# Action item
What are the lines below, starting at the line containing "I find it very" and ending at the line containing "Maggie and I"? Write them out exactly, ends included, without pictures.

# Records
---*---

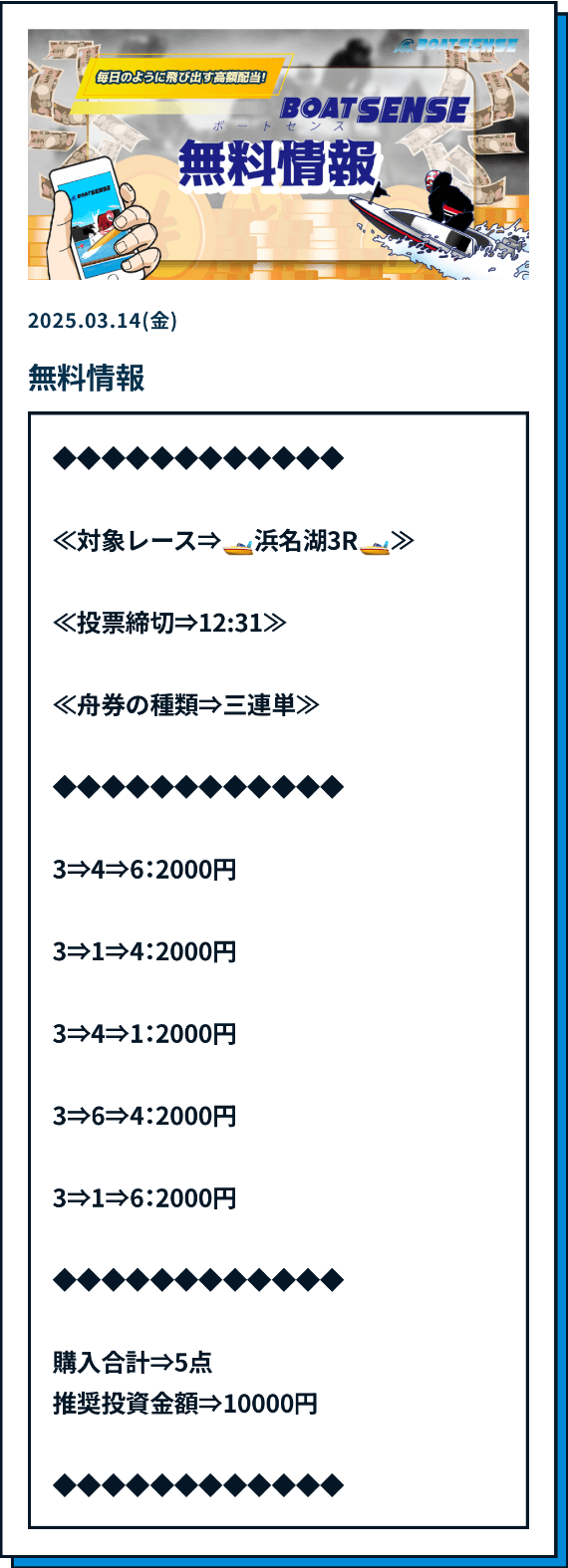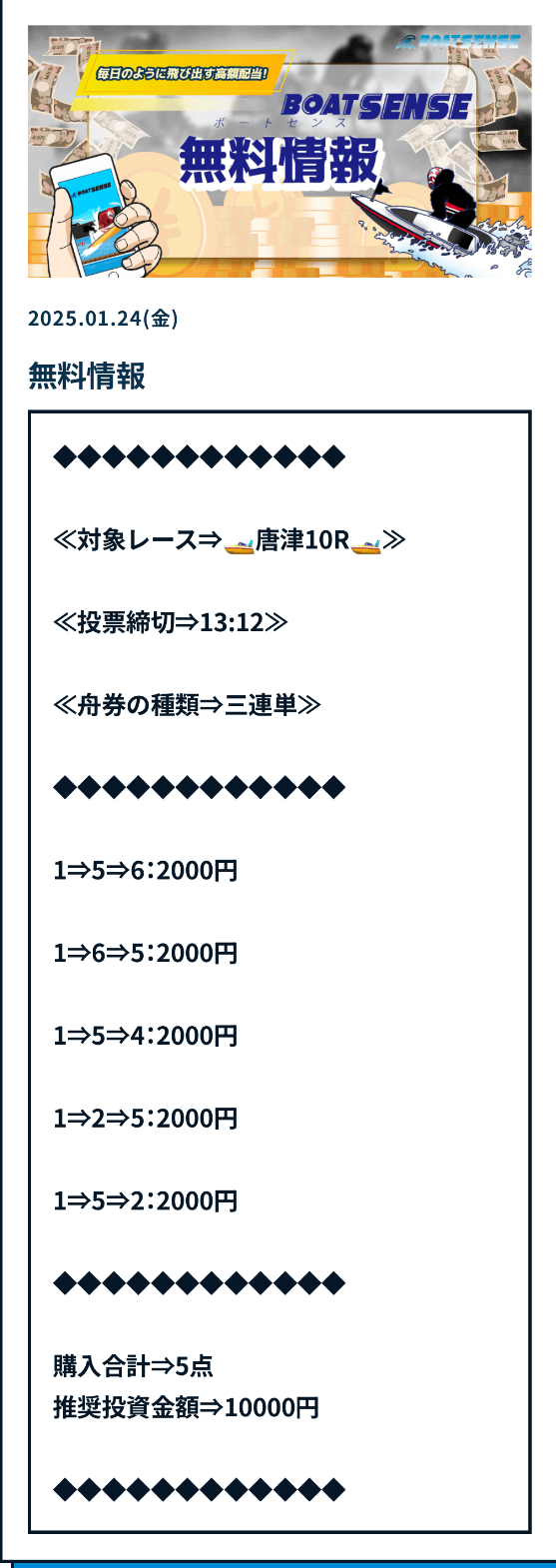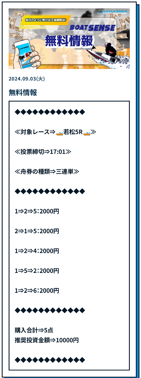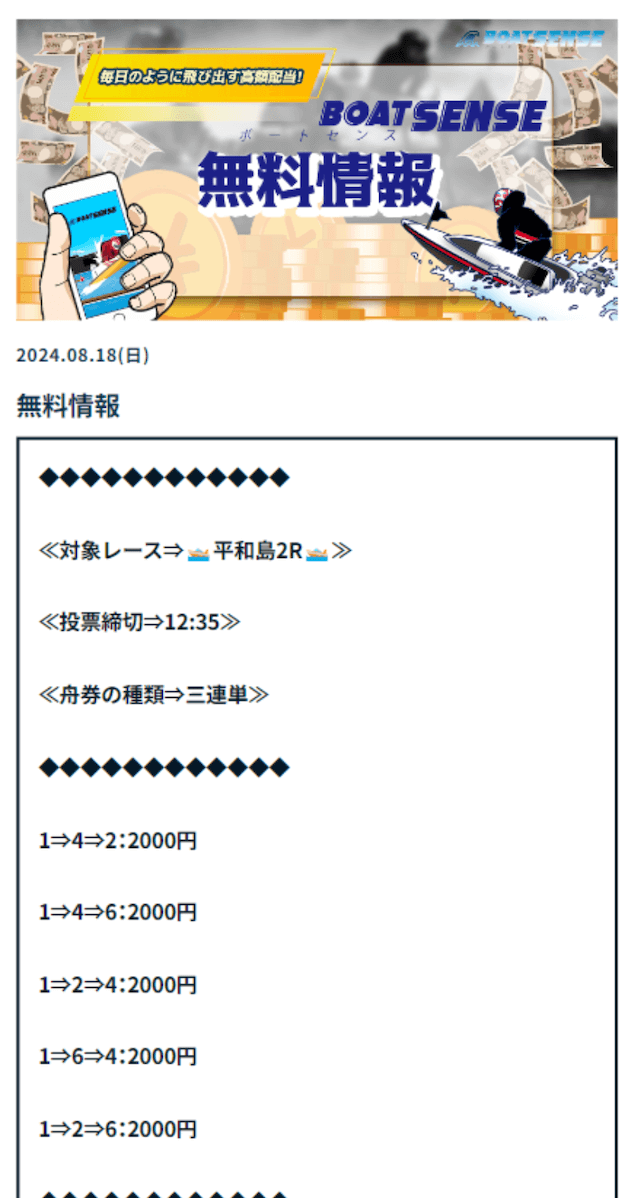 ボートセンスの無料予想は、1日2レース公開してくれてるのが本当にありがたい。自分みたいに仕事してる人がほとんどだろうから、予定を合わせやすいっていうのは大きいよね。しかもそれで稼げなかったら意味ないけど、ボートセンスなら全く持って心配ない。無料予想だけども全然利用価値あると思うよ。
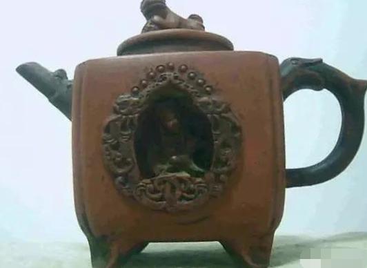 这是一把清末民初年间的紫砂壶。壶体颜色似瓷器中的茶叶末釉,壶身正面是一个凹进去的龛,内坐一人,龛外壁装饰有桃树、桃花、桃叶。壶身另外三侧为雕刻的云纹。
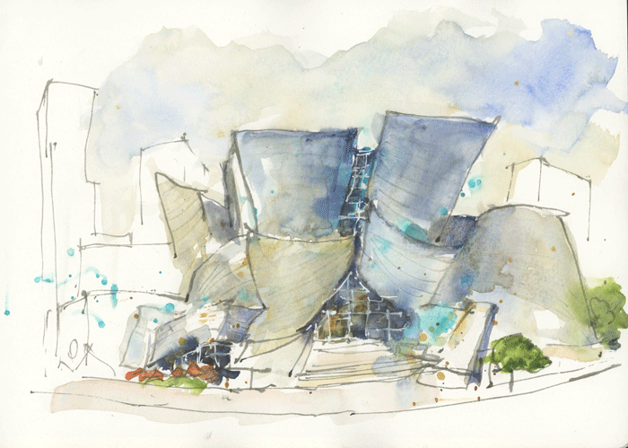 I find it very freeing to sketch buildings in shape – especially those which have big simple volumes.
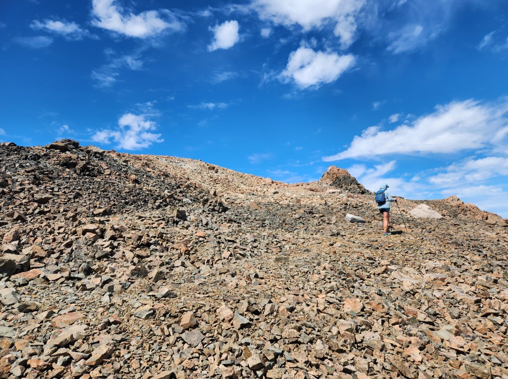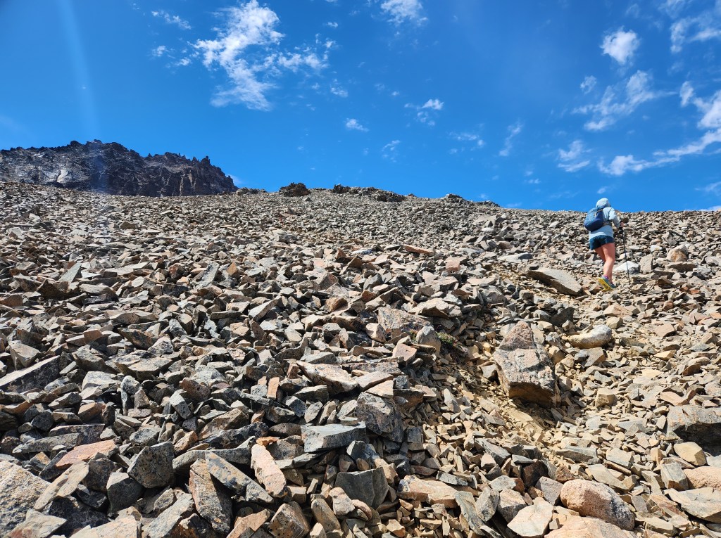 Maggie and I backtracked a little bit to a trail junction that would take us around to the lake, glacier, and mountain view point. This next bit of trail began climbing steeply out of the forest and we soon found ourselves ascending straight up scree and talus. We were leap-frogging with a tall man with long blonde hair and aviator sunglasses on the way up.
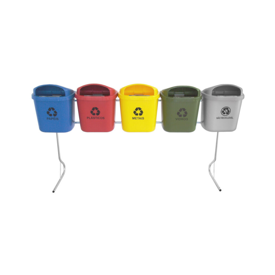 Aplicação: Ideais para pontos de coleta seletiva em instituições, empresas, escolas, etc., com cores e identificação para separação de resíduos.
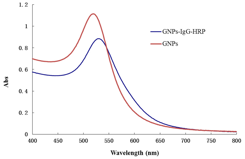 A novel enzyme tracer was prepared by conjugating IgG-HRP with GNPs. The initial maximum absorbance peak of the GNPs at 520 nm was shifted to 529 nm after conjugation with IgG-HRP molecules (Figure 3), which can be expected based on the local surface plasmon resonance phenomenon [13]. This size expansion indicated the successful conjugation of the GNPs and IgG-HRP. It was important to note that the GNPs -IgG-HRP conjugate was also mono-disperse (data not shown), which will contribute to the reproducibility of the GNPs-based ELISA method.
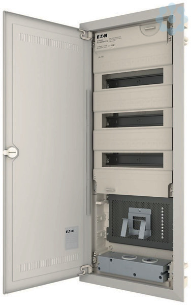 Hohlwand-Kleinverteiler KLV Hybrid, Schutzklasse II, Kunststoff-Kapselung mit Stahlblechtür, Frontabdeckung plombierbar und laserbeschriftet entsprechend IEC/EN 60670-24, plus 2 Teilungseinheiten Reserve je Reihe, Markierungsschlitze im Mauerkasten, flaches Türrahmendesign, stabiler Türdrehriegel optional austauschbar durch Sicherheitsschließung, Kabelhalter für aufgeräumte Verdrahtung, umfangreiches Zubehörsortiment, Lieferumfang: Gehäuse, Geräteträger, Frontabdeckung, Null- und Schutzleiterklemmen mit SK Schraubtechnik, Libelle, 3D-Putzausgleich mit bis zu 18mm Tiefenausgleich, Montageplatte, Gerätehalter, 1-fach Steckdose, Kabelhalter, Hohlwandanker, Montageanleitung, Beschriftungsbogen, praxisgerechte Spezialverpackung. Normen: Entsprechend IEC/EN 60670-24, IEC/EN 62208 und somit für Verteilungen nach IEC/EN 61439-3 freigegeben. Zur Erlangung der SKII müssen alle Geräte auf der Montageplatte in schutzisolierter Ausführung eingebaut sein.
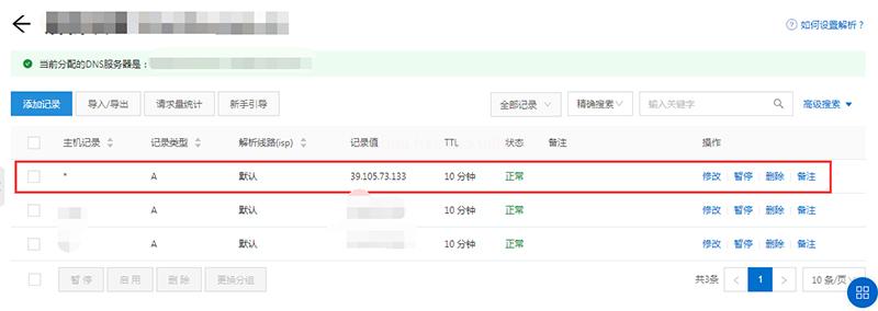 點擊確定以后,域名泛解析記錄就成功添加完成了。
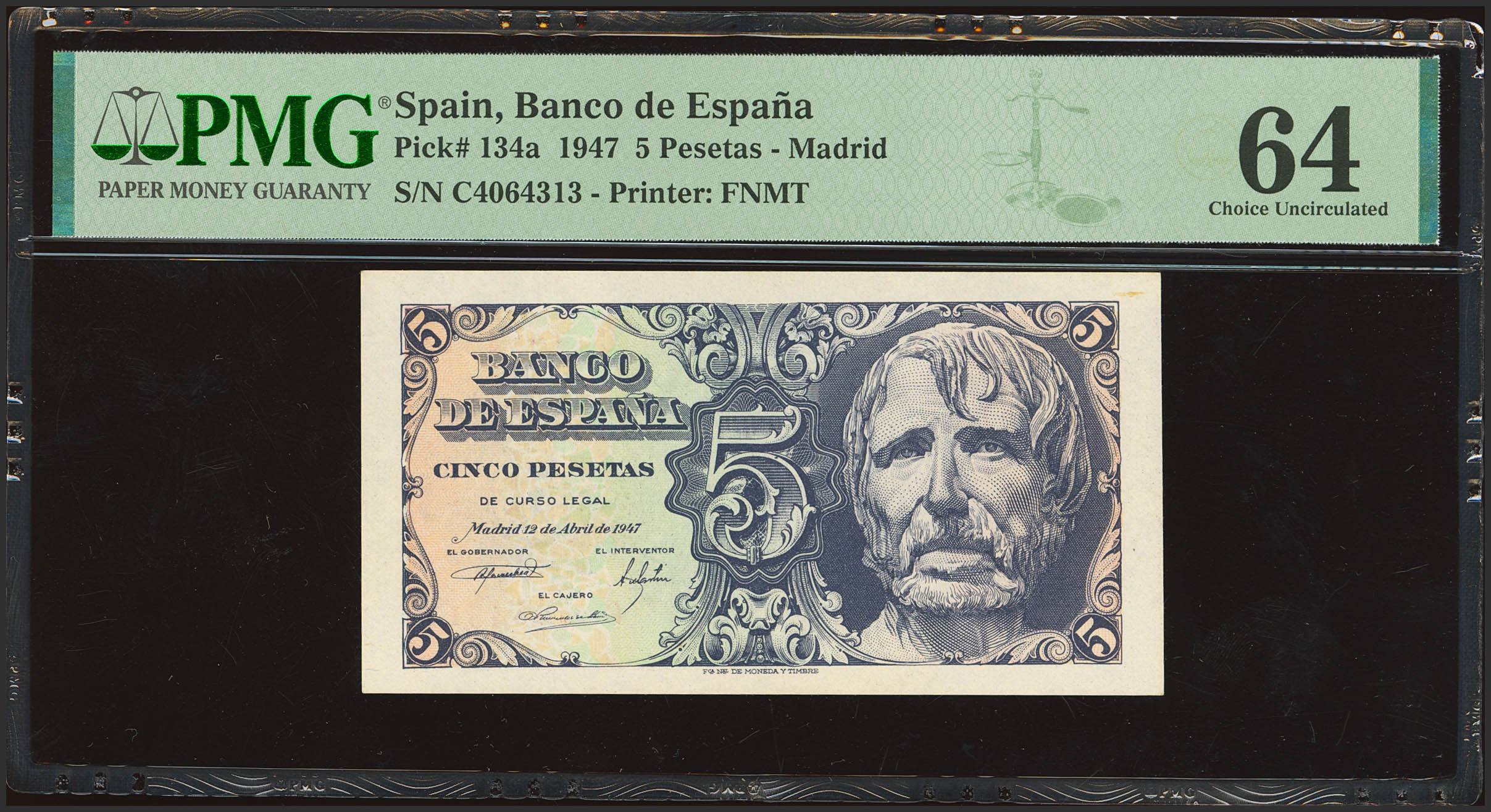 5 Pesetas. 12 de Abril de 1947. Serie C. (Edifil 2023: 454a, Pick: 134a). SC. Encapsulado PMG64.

---*---

# Exercise response
 I find it very freeing to sketch buildings in shape – especially those which have big simple volumes.
 Maggie and I backtracked a little bit to a trail junction that would take us around to the lake, glacier, and mountain view point. This next bit of trail began climbing steeply out of the forest and we soon found ourselves ascending straight up scree and talus. We were leap-frogging with a tall man with long blonde hair and aviator sunglasses on the way up.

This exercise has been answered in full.